Propos recueillis par Soline Schweisguth
L'auteur : Jérémy Young

Jeremy Young est un historien franco-britannique qui a suivi une licence et un Master d’Histoire à l’université Paris 16 Evry Saclay sous la direction notamment de Jean-Louis Loubet et Serge Benoit. Il a également étudié les Sciences Politiques à l’ICES à la Roche sur Yon avant de suivre un Master de Diplomatie à l’Université de Nottingham et un Post Graduate Certificate in Education à l’Université de Southampton.

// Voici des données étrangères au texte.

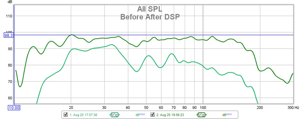 Both measurements were taken with Audyssey turned off, pure direct, crossover at 250hz, subs only. Dark green is after applying the filters to the mini. I see an improvement!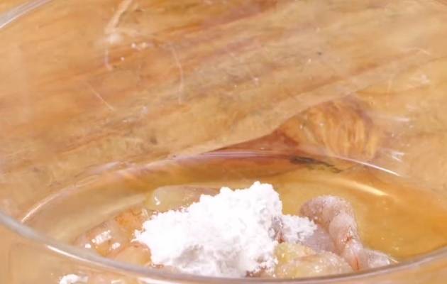 第二步:把準備好的淀粉倒入醃制好的蝦仁碗中,反復翻拌,均勻裹制。

Son intérêt pour l’histoire maritime est venu de la lecture de fictions historiques comme les œuvres de Patrick O’Brien ou C.S Forester et de conversations avec mon mentor Serge Benoit. Il a soutenu sa thèse de doctorat sous la direction de Sylviane Llinares à l’université de Bretagne Sud en décembre 2018.

Il est aujourd'hui membre de la Société d’Histoire de Guadeloupe depuis 2017. Après avoir enseigné au Royaume-Uni, en France, en Guadeloupe, il est professeur d’Histoire Internationale à Valor International Scholars en Asie du Sud Est.